Some may remember when I first arrived to this site I also took a partial crack at rewriting the Atlantis Invaders. I do tip my hat that you finished it entirely, Maurice. I really enjoyed reading the annotations.
I do have two general observations about the original concept for this episode, the first being that I don't know what came over the Johnsons in the early days of this story. I assume that the early drafts for the Mighty Galvanaut, and Atlantis Invaders and all the others were brainstormed around the time they did the Savage Empire. I'm just surprised they still went ahead with setting Atlantis Invaders in an ocean environment, complete with an army of alien mermen and even one scene with Garrovick hanging on for dear life to a sea serpent as it swam to the surface. Gotta admit they were really ambitious at the time, but professional film studios with an actual budget would have shied away from such a story. Did they ever concede a lot of those ideas were too difficult to pull off, to put it mildly?
The other aspect that still bothers me somewhat to this day is that they brought in the characters of Princess Tr'tillya and her father, King Argolas into their series. Not the characters themselves and their purposes in the story, but rather that for a ''show'' set in the 24th century and one that strove to strictly emulate what may be the most socially-conscious series of the 1960s (for civil rights, women's rights, anti-war, etc), yet would be casually validating a concept as ethically despicable as generational rule well into the future.
I may be wrong, but I think that apart from the episode Elaan of Troyus there was never a mention of another Federation member planet that had a monarchist system, though I'm still puzzled that such a forward-thinking organization would even accept one that wasn't a democracy. But since the Troyaans were portrayed as near-barbarians who still developed interplanetary travel somehow, astoundingly, I guess the whole point of that episode was for Kirk to be completely frazzled by Elaan's barbaric ways, and a monarchist system was a simple way to make that point.
But I guess as much as we may have evolved over the last 500 years we are still unable to sever completely with the romantic but intellectually heinous images of Kings and Queens and Princesses, especially since corporations like Disney make those their bread and butter. But apart from children's animated films and most British costume dramas, you can notice how portrayals of royal characters have been progressively absent from most serious modern-day set entertainment for the last few decades (though not from medieval fantasy projects like Game of Thrones and the Witcher or garish comedies like the Princess Diaries).
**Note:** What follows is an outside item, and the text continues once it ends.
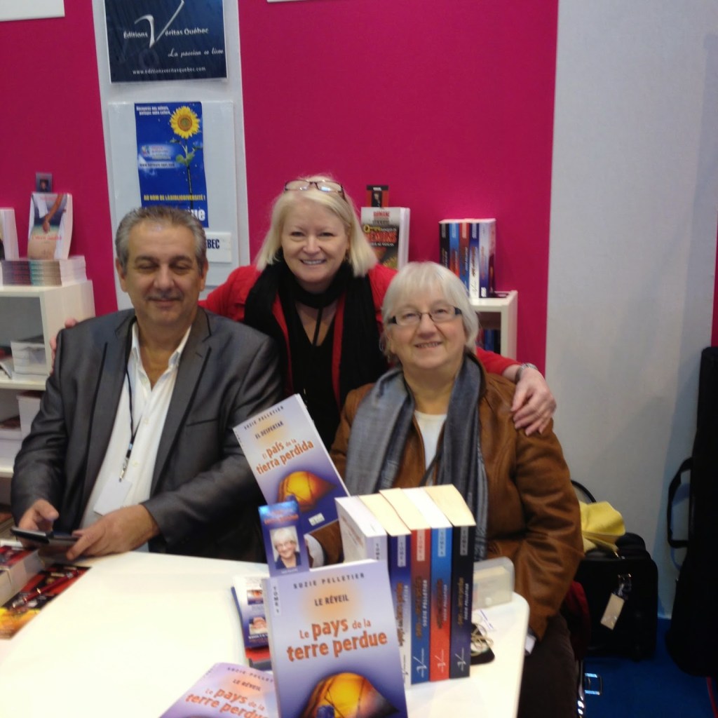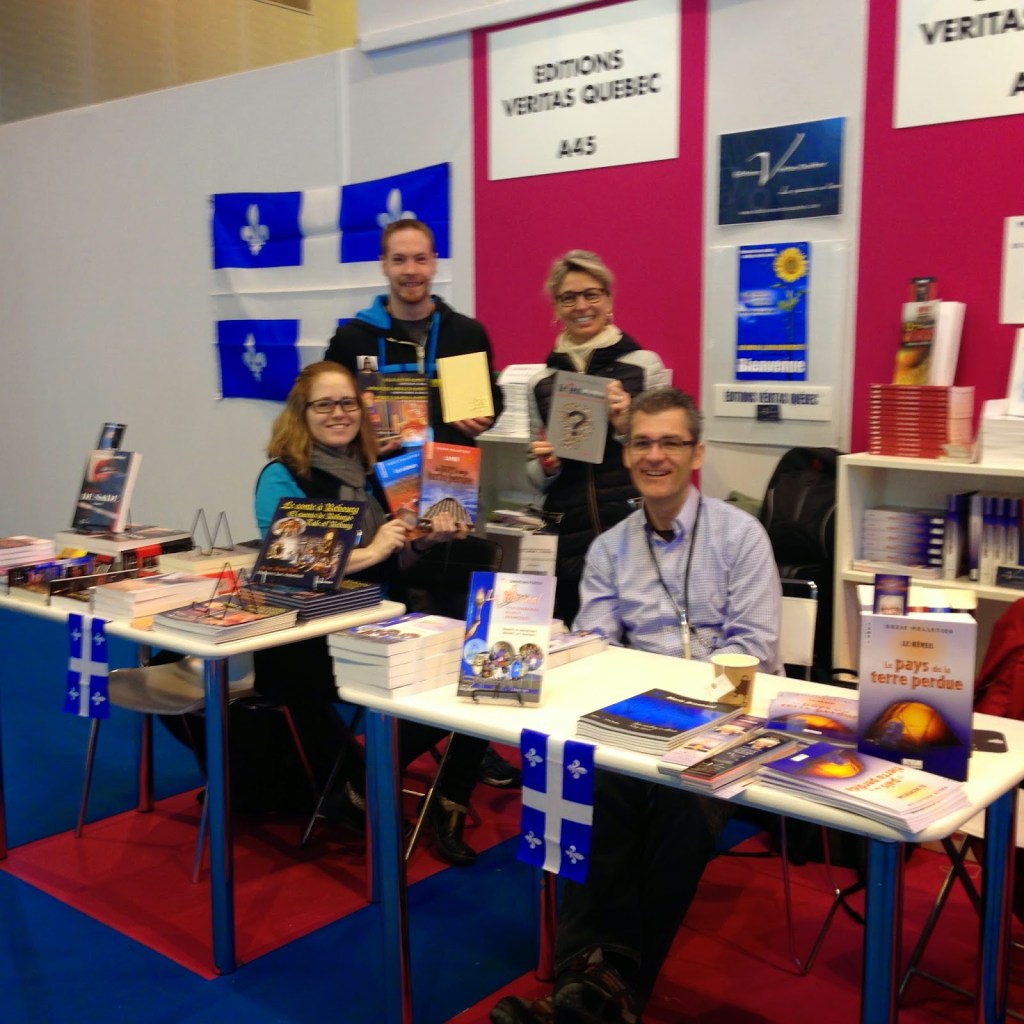 De droite à gauche, on me retrouve avec ma collection « Le Pays de la Terre perdue », Marie Brassard, l’éditrice de Véritas Québec, par qui notre présence à Paris est possible, et Romane, l’auteur de « Banque de démons, alerte au Vatican ».

Just look at the trouble Marvel Entertainment had with its house concept the Inhumans series which deservedly got trashed and canceled quickly. A Royal family of artificially endowed super-characters should NOT be one with its own film or TV series, only guest appearances at the most. You can't really make heroes out of a family that controls who gets the superpowers in the kingdom. Of course it's going to be the close cousins and nieces and nephews who will inherit the best powers, while everyone else will only get utilitarian skills...because that's how the family keeps the throne for itself. and the writers can't make any OTHER characters/serfs from the kingdom ones with an interesting personality because eventually you HAVE to write a story that has them question WHY they can't have a better power (answer? because that would reveal the Royal Family of the Inhumans is not such a heroic bunch after all).
Anyway I've been meandering in different directions, but basically I would have hoped that the Johnsons should rethink Tr'tillya's royal status entirely if ever this script gets salvaged. I'd like to think someone like Gene Coon would also have changed that aspect of the script.